Range Partitioning (Most Common)

-- Partition orders by month
CREATE TABLE orders (
    id bigserial,
    user_id bigint NOT NULL,
    created_at timestamptz NOT NULL,
    total numeric(10,2),
    status text
) PARTITION BY RANGE (created_at);

-- Create monthly partitions
CREATE TABLE orders_2025_01 PARTITION OF orders
    FOR VALUES FROM ('2025-01-01') TO ('2025-02-01');
CREATE TABLE orders_2025_02 PARTITION OF orders
    FOR VALUES FROM ('2025-02-01') TO ('2025-03-01');
CREATE TABLE orders_2025_03 PARTITION OF orders
    FOR VALUES FROM ('2025-03-01') TO ('2025-04-01');

-- Queries automatically hit only the relevant partition
EXPLAIN SELECT * FROM orders WHERE created_at = '2025-02-15';
-- Shows: Seq Scan on orders_2025_02 (partition pruning!)

List Partitioning

-- Partition by region for data residency compliance
CREATE TABLE users (
    id bigserial,
    email text,
    region text NOT NULL
) PARTITION BY LIST (region);

CREATE TABLE users_us PARTITION OF users FOR VALUES IN ('us-east', 'us-west');
CREATE TABLE users_eu PARTITION OF users FOR VALUES IN ('eu-west', 'eu-central');
CREATE TABLE users_ap PARTITION OF users FOR VALUES IN ('ap-south', 'ap-east');

Data residency is a real use case.
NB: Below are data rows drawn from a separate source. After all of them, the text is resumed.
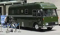 One of the BBC's early Outside Broadcast vehicles, MCR 1 (short for Mobile Control Room), was built by the joint Marconi-EMI company and delivered to the BBC just in time to televise the Coronation of George VI and Elizabeth in May 1937.[4] MCR 2 was identical to MCR 1 and was delivered in the summer of 1938. The MCRs could handle three cameras. Initially, they were standard Emitrons, but were later supplemented by Super Emitrons, which performed much better than the standard ones in low light. The MCRs were built on the chassis of an AEC Regal single-decker bus.
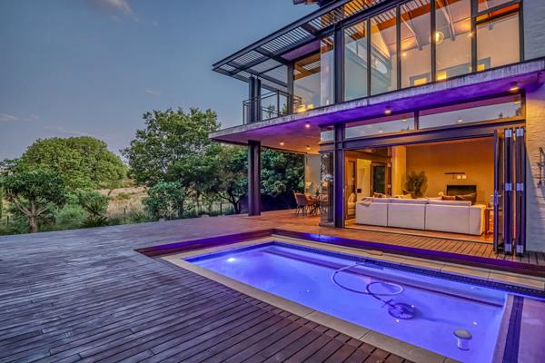 Expansive open-plan living areas flow effortlessly between the lounge, dining space, and contemporary kitchen featuring a gas hob and walk-in fridge. Large glass doors open onto a wooden deck and patio with a built-in braai, pizza oven, and refreshing pool perfect for effortless entertaining and relaxed outdoor living.
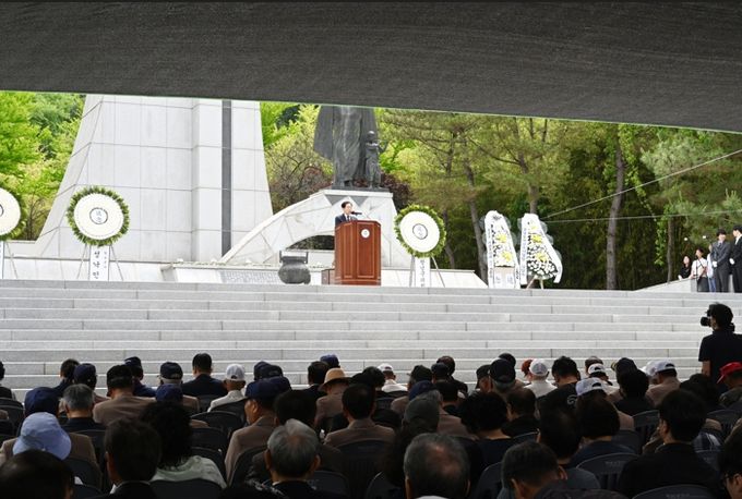 추념식은 국민의례를 시작으로 오전 10시 정각 전국 동시 사이렌 취명에 맞춰 1분간의 묵념, 헌화와 분향, 추념사, 헌시 낭송, 현충의 노래 제창 순으로 진행됐다.

If EU regulations require European user data to stay on EU servers, list partitioning lets you store users_eu on a physically separate tablespace while keeping a unified query interface.

Hash Partitioning

-- Distribute evenly by user_id (useful for multi-tenant)
CREATE TABLE events (
    id bigserial,
    user_id bigint NOT NULL,
    event_type text,
    payload jsonb
) PARTITION BY HASH (user_id);

CREATE TABLE events_p0 PARTITION OF events FOR VALUES WITH (MODULUS 4, REMAINDER 0);
CREATE TABLE events_p1 PARTITION OF events FOR VALUES WITH (MODULUS 4, REMAINDER 1);
CREATE TABLE events_p2 PARTITION OF events FOR VALUES WITH (MODULUS 4, REMAINDER 2);
CREATE TABLE events_p3 PARTITION OF events FOR VALUES WITH (MODULUS 4, REMAINDER 3);

Hash partitioning spreads data evenly but you can't prune partitions on range queries. Use it when you want uniform distribution and queries always include the partition key.

When to Partition

Signal Partition? Why
Table > 100M rows Probably VACUUM and indexes become painful
Need to drop old data regularly Yes DROP TABLE vs multi-hour DELETE
Queries always filter by date/region/tenant Yes Partition pruning speeds reads
Table < 10M rows No Overhead isn't worth it
Queries don't include partition key No Every query scans all partitions (worse than no partitioning)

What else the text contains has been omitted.